Rapid marketplace development of new gadgets, devices and mobile technology solutions are placing unprecedented demand for support on internal technology departments.  Tablets, Smartphone’s, IOS, Android, Windows Mobile, Blackberry, mobile hotspots and faster broadband are enabling many new ways to stay connected and available.  As a result the technology is moving faster than the ability to apply good technology management.  Network and data security is challenged as well as ensuring backups and records retention requirements.  Learn how agencies are dealing with the challenge of supporting this rapidly developing environment.

APTA Standards Update for Transit Technology

APTA has a number of committees and groups working on developing standards for the transit industry.  This session will update you on the work of these groups as it applies to transit technology.  Topics include technology procurement, cyber security, Transit Communications Interface Profiles (TCIP), control and communications security, and transit operational software.

Mandates and Rule Making, What You Need to Know

There are many mandates and proposed rule makings that will impact transit agencies and their technology planning and investments.  From Automatic Train Control (ATC), FCC Narrowbanding, and mandated National Transit Database reporting changes all of which must be considered in an agency’s technology planning and infrastructure investment strategy.

Transit Trip Planners and Real-Time Information

Web based and mobile device transit trip planning is entering into a new generation of applications and functionality.  The increasing availability of real-time location data from transit vehicles and open source development is taking trip planners beyond just being able to provide scheduled service.  Next bus/train mobile applications are a common expectation of today’s transit rider and trip planners that use this data to provide dynamic trip plans are the next logical step.

Electronic Payment Systems

Transit agencies are being challenged to offer more extensive methods of accepting electronic payments.  From near field communication-based cell phones, to online open payment systems, to onboard ticketing devices – the pressure is on to provide customers with more ways to easily access and pay for services.  What challenges do these expectations create for technology teams?  Learn how transit agencies are rising to the challenge.

Transit CEO Expectations

CEOs and general managers often set the tone for how a transit agency embraces technology.  Without support from the top for investments, policy setting and strategic direction, the transit technology manager can be left floundering.  Learn how to meet your CEO’s expectations from hearing directly from some the industry leaders.

Intelligent Transportation Systems

Continued deployment of transit ITS systems present increasing challenges to Information Technology professionals.
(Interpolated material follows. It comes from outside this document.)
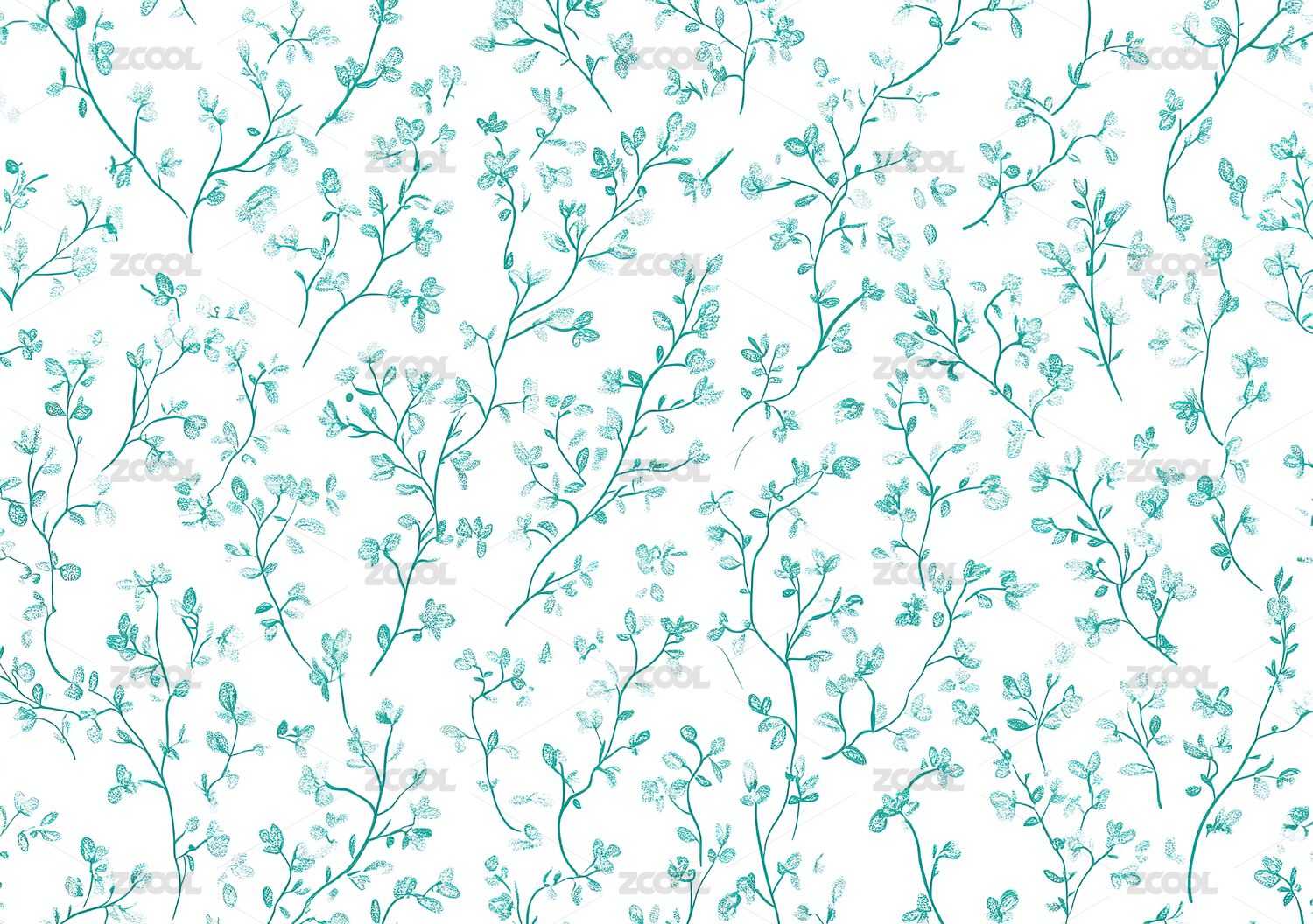 墨绿色枝叶印花

What are the current challenges as ITS becomes an ever increasing point of systems integration among transit business systems such as CAD/AVL, electronic payment systems, transit signal priority, advanced traveler information systems and automated passenger systems.

Wireless Communications

Information technology systems are dependent upon available and reliable communications networks often in the form of wireless networks. Wireless for transit is presented with significant challenges such as; Narrowbanding, challenges to DSRC and GPS, and spectrum availability. What are the effects of the current challenges and what are the opportunities for information technology.